Photographer, camera on hand

Photographer, camera on hand. work and travel concept.

HOBIKU.NET – Foto yang baik belum tentu menarik, sedangkan foto yang menarik adalah foto yang baik. Perdebatan yang sering mencuat dalam fotografi adalah tentang konsep foto yang baik dan menarik. Banyak pakar fotografi saling menawarkan konsepnya, tetapi hingga kini belum didapatkan titik temu apa dan bagaimana foto yang baik itu?

Kalangan awam yang umumnya memotret dengan kamera kompak atau kamera saku akan berpendapat foto yang baik adalah foto yang jelas dan gambarnya tajam. Komposisi objek harus di tengah, wajah yang dipotret terlihat ceria, ataupun menyenangkan yang dipotret dan pemotret jika tidak memenuhi semua itu atau salah satu di antaranya, kalangan awam menganggap foto tersebut tidak baik atau jelek.

Pendapat kalangan awam bahwa foto yang baik adalah foto dengan komposisi objek harus di tengah dan horizontal disebabkan oleh terbiasanya orang melihat langsung ke bagian tengah. Jika objek berada di pinggir, akan terasa asing di mata dan kurang enak dilihat.

Sebaliknya, kalangan peminat fotografi serius selalu bereksperimen dalam komposisi foto. Meskipun sebenarnya di antara mereka pun masih timbul perdebatan tentang komposisi. Ada yang memandang suatu objek lebih baik dan indah jika dibuat dengan komposisi horizontal, tetapi ada pula yang berpendapat sebaliknya. Perdebatan ini disebabkan selera dan kebiasaan masing-masing pihak.

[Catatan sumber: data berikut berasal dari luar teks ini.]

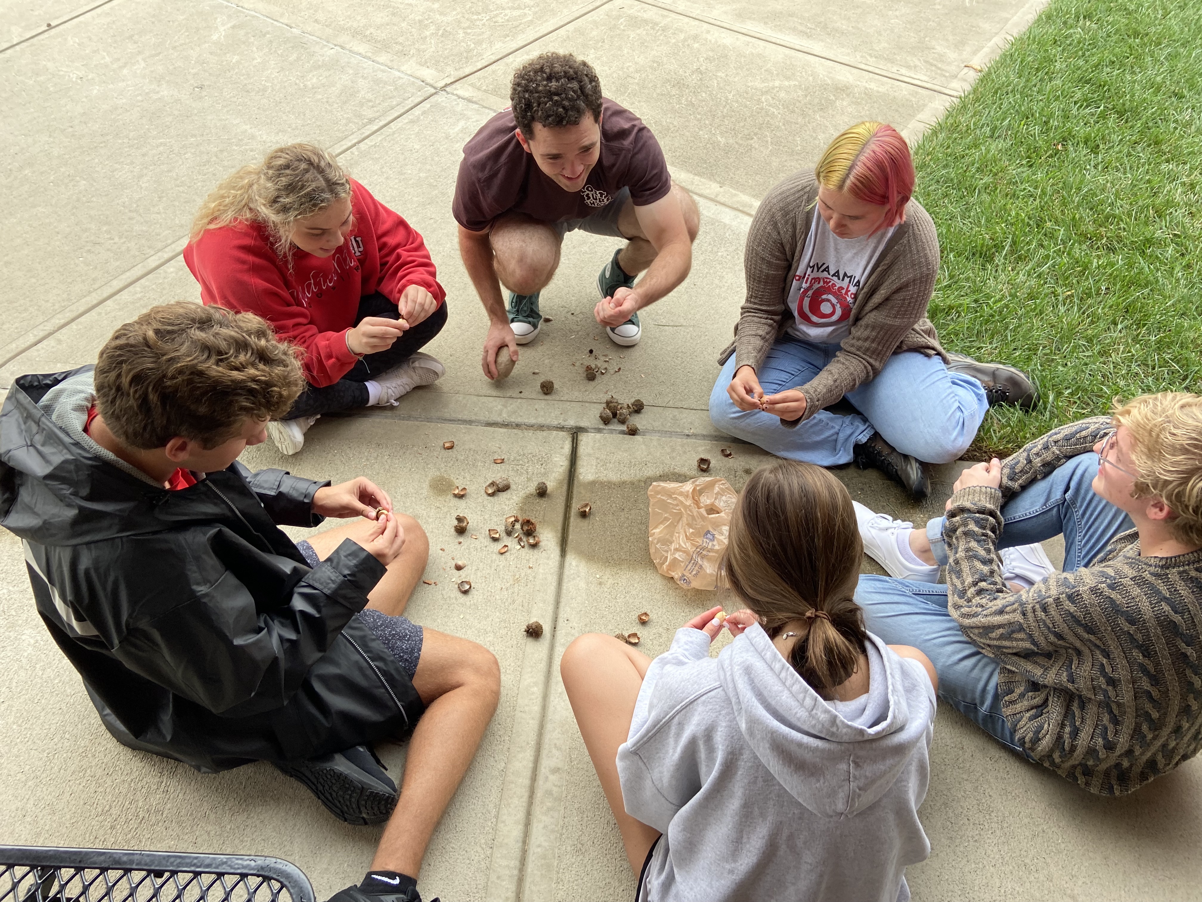 One highlight of this semester is it’s link to Myaamia food. During class, students had the opportunity to process both acorns and persimmons to prepare them for the cooking process. One day of class was set aside solely for eating Myaamia foods, cooked both in historical and contemporary styles. Myaamia Center staff and students provided foods made with corn, bison, squash, persimmons, and pawpaws. The opportunity to come together to eat the foods that we learned about in class was a fun opportunity to synthesize what we learned this semester. Plus all of the food was really tasty!
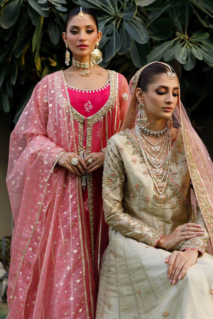 A lamé kalidar with net dupatta and jamavar lehnga. This timeless heritage piece is perfect for a nikkah or an intimate wedding. It is extensively hand worked in Resham, diamonte zardozi pearls and kamdani
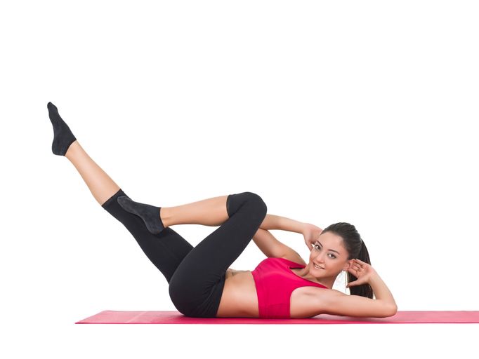 1. 躺在地板上,雙手貼在左右邊太陽穴,或是十指交握置於腦後。 2. 雙膝微彎,利用腹部的力量扭動側腰,用右手手肘去碰左手膝蓋、用左手手肘去碰右腳膝蓋。當一腿屈膝的時候,另一腿伸直。 3. 注意伸直的腳不要碰到地板,腹部要用力收緊,中背貼緊地板,盡量不要晃動身體。
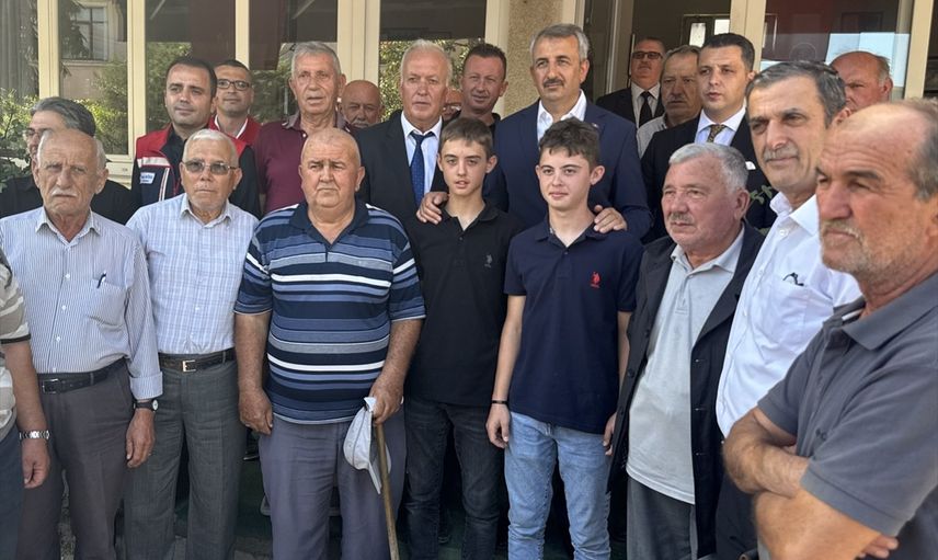 Edirne'de köy kahvesinde vatandaşlarla sohbet eden Edirne Valisi Yunus Sezer, 15 yaşındaki ikiz kardeşlerin "düve" isteğini duyunca onları proje desteğiyle sevindirdi. İkiz kardeşler Ahmet Berk (solda) ve Talat Burak Tezcan müjde karşısında çok sevindiklerini söyledi.
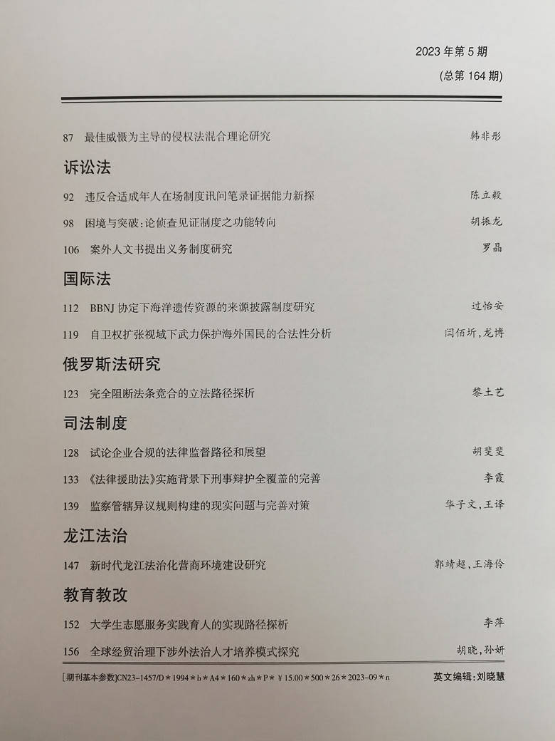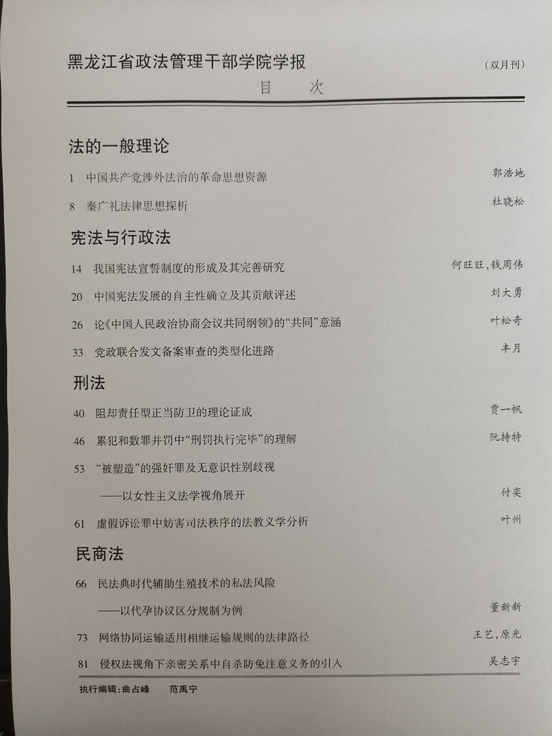 黑龙江省政法管理干部学院学报2023年第5期目录

Demikian pula dalam masalah pencahayaan. Kalangan awam hanya

mengandalkan lampu kilat yang terpasang langsung pada kamera

kompak. Mereka tidak pusing apakah cahaya itu berlebihan atau kurang karena percaya pada kerja automatis kamera.

Bagi kalangan peminat serius fotografi, pencahayaan merupakan faktor yang sangat penting. Bukankah inti fotografi adalah pemanfaatan cahaya? Banyak teori tentang pencahayaan. Pencahayaan dari arah depan, belakang, samping, atas, atau bawah objek, serta pencahayaan alami dan buatan. Masing-masing pencahayaan akan memunculkan kesan tersendiri bagi sebuah foto.

Pemotret yang biasa memanfaatkan cahaya alami akan melihat foto berpencahayaan buatan kurang baik sehingga mereka kurang puas dengan hasil yang didapatkan dan ini juga berlaku sebaliknya. Masing masing mempunyai ukuran sendiri.

Pada awalnya, penggunaan efek khusus mempesona banyak pengs gemar fotografi. Namun, kemudian muncul perdebatan karena efek khusus menjadikan foto tidak lagi tampil jujur dan alamiah. Padahal, salah satu hingsi foto adalah sebagai saksi suatu peristiwa dan keadaan di suatu masa.

Bagi peminat serius fotografi, foto adalah seni sehingga persyaratan untuk disebut sebagai foto yang baik tidak lagi menjadi sederhana. Untuk mendapatkan hasil foto yang baik, selain persyaratan teknis diperlukan juga persyaratan nonteknis. Persyaratan teknis adalah syarat yang harus memenuhi kaidah fotografi, seperti pengaturan diafragma, kecepatan/ rana, dan pemilihan kepekaan film dalam menerima cahaya yang diukur dalam International Standard Organization (ISO)/American Standard Association (ASA) film. Persyaratan itu juga disebut sebagai unsur intrinsik.

Persyaratan nonteknis merupakan syarat pengetahuan yang harus dimiliki fotografer di luar persyaratan teknis ketika akan mengambil tema atau objek tertentu. Misalnya, seorang fotografer yang akan mengambil tema tentang bangunan maka ia harus menguasai masalah arsitektur. Persyaratan tersebut juga disebut sebagai unsur ekstrinsik.

Dari sinilah terlihat perbedaan antara kalangan awam dengan peminat fotografi serius tentang apa dan bagaimana foto yang baik.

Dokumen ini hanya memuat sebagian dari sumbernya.